Digging up the past

When I got David Schulman’s new mystery novel, The Past Is Never Dead, I flipped to the back to look at the author photo.

There was Schulman, smiling in a baseball cap. But where’s he standing? I wondered. Behind the author, I could make out a row of ivory balusters shaped like giant pepper-shakers.

Looks like the Grove Arcade, or maybe the Battery Park Hotel.

If you’re at all familiar with Asheville, you won’t be able to resist playing a similar game as you actually read The Past Is Never Dead (John F. Blair, 2004) — trying to identify the local landmarks, public figures and bits of history that Schulman has playfully hidden throughout its pages, in various states of disguise.

In other words, not only do the characters in this fun, well-written mystery have some detective work to do — so does the reader.
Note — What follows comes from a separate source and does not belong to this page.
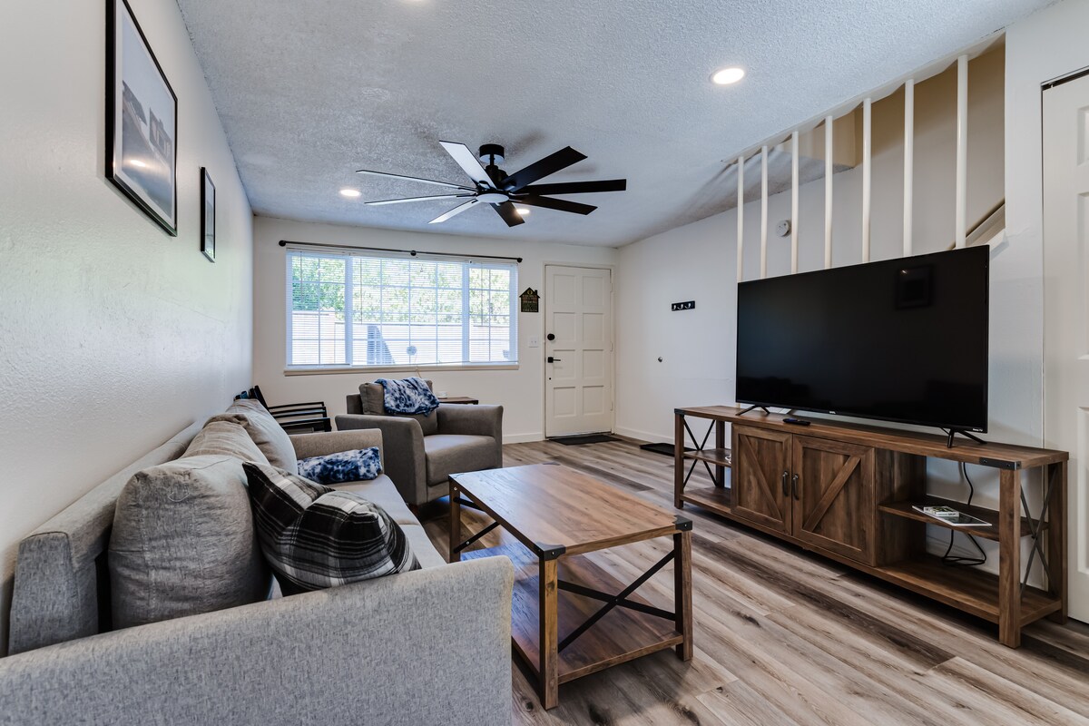 Αυτό το σπίτι ενός υπνοδωματίου βρίσκεται στο νότιο Γιουτζίν κοντά στην πανεπιστημιούπολη. Εύκολη πρόσβαση στο I-5, λίγα λεπτά από το U of O, σε κοντινή απόσταση από ένα τοπικό παντοπωλείο, εστιατόρια, οινοπωλείο και ένα από τα αγαπημένα πάρκα του Γιουτζίν με παιδική χαρά, μονοπάτια για τρέξιμο και δημόσια πισίνα το καλοκαίρι. Υπάρχει άφθονος χώρος για να κοιμηθούν έως και τέσσερα άτομα, πλήρης κουζίνα για την προετοιμασία γευμάτων και ένας μεγάλος χώρος γραφείου και γρήγορο Wi-Fi για να εργάζεστε από το σπίτι κατά τη διάρκεια του ταξιδιού σας. Αυτό το κατάλυμα διαθέτει όλα όσα χρειάζεστε για μια εξαιρετική διαμονή στο Γιουτζίν!

Every mystery series needs a compelling sleuth, and Schulman has found his in Gritz Goldberg, a “burned-out” middle-aged psychiatrist at Highland Hospital whose “ancient office” is sometimes haunted by the sweet smell of former Highland patient Zelda Fitzgerald’s favorite perfume. (Fitzgerald was killed in a fire at the hospital in 1948.)

Gritz is divorced and living in Montford with his two kids and his ex-mother-in-law, with whom he happily gets along better than he does with her daughter. He is a Southern Jew, and one of the pleasures of The Past Is Never Dead lies in Gritz’s recollections of growing up Jewish in a small Southern town.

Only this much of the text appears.